Table 2 The random (co)variance components fitted in the animal models for growth traits in Baluchi sheep.

To assess the predictive performance of models, we calculated two indices: (1) the mean squared error of prediction (MSE) as \(\:\frac{\sum\:{(yi-\widehat{yi)}}^{2}}{n}\), where y_i and \(\:\widehat{{y}_{i}}\) are real and predicted records of animals, and (2) Pearson’s correlation coefficient between real records (y) and predicted values of records (\(\:\widehat{y}\)) as r(\(\:y\),\(\:\widehat{y}\)). The predicted values ​​of the records were obtained from the WOMBAT³³ outputs.

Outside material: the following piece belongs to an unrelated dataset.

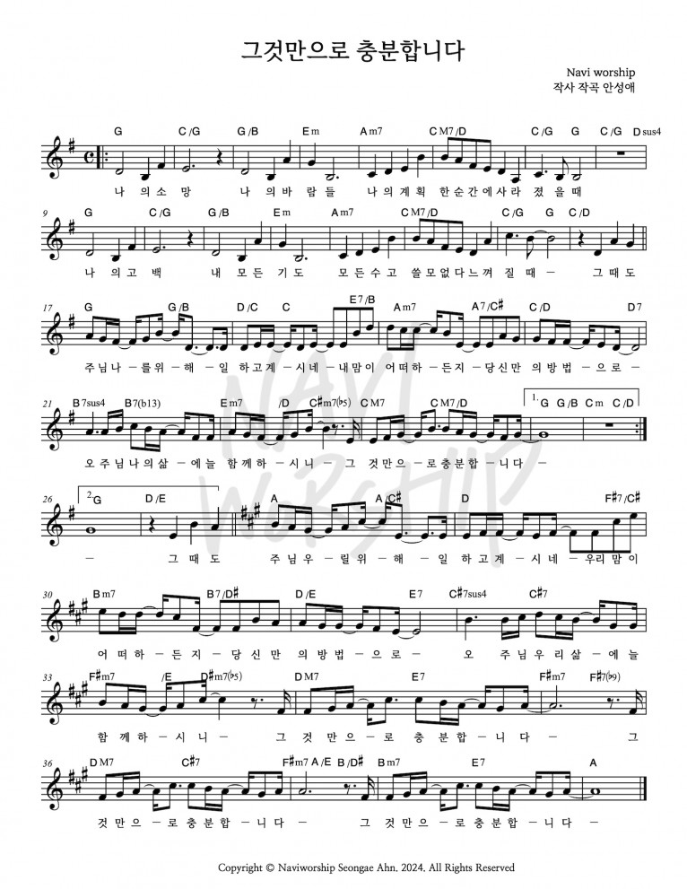 뮤직타임 [악보] 그것만으로 충분합니다 - 나비워십
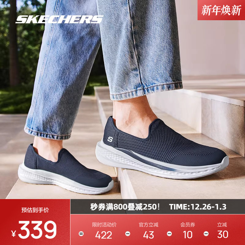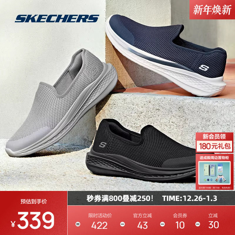 斯凯奇轻弹健步一脚蹬新款男士透气网布潮流轻薄舒适耐穿简约鞋子

Correlations between traits were estimated by bi-variate analyses. The models applied in the bi-variate analyses were those selected as best for underlying traits in the univariate analyses. The matrix notation for the bivariate model including BW and WW was as follows:

$$\begin{aligned} \:\left[ {\begin{array}{*{20}c} {{\mathbf{y}}_{1} } \\ {\:{\mathbf{y}}_{2} } \\ \end{array} } \right] & = \left[ {\begin{array}{*{20}c} {{\mathbf{X}}_{1} } & 0 \\ {\:0} & {{\mathbf{X}}_{2} } \\ \end{array} } \right]\left[ {\begin{array}{*{20}c} {{\mathbf{b}}_{1} } \\ {\:{\mathbf{b}}_{2} } \\ \end{array} } \right] + \left[ {\begin{array}{*{20}c} {{\mathbf{Z}}_{{{\mathbf{a}}1}} } & 0 \\ {\:0} & {{\mathbf{Z}}_{{{\mathbf{a}}2}} } \\ \end{array} } \right]\left[ {\begin{array}{*{20}c} {{\mathbf{a}}_{1} } \\ {\:{\mathbf{a}}_{2} } \\ \end{array} } \right] + \left[ {\begin{array}{*{20}c} {{\mathbf{Z}}_{{{\mathbf{d}}1}} } & 0 \\ {\:0} & {{\mathbf{Z}}_{{{\mathbf{d}}2}} } \\ \end{array} } \right]\left[ {\begin{array}{*{20}c} {{\mathbf{d}}_{1} } \\ {\:{\mathbf{d}}_{2} } \\ \end{array} } \right] \\ & \quad + \left[ {\begin{array}{*{20}c} {{\mathbf{Z}}_{{{\mathbf{c}}1}} } & 0 \\ {\:0} & {{\mathbf{Z}}_{{{\mathbf{c}}2}} } \\ \end{array} } \right]\left[ {\begin{array}{*{20}c} {{\mathbf{c}}_{1} } \\ {\:{\mathbf{c}}_{2} } \\ \end{array} } \right] + \left[ {\begin{array}{*{20}c} {{\mathbf{Z}}_{{{\mathbf{m}}1}} } & 0 \\ {\:0} & 0 \\ \end{array} } \right]\left[ {\begin{array}{*{20}c} {{\mathbf{m}}_{1} } \\ {\:0} \\ \end{array} } \right] + \left[ {\begin{array}{*{20}c} {{\mathbf{e}}_{1} } \\ {\:{\mathbf{e}}_{2} } \\ \end{array} } \right].\: \\ \end{aligned}$$

where y₁ and y₂ denote traits 1 and 2, respectively.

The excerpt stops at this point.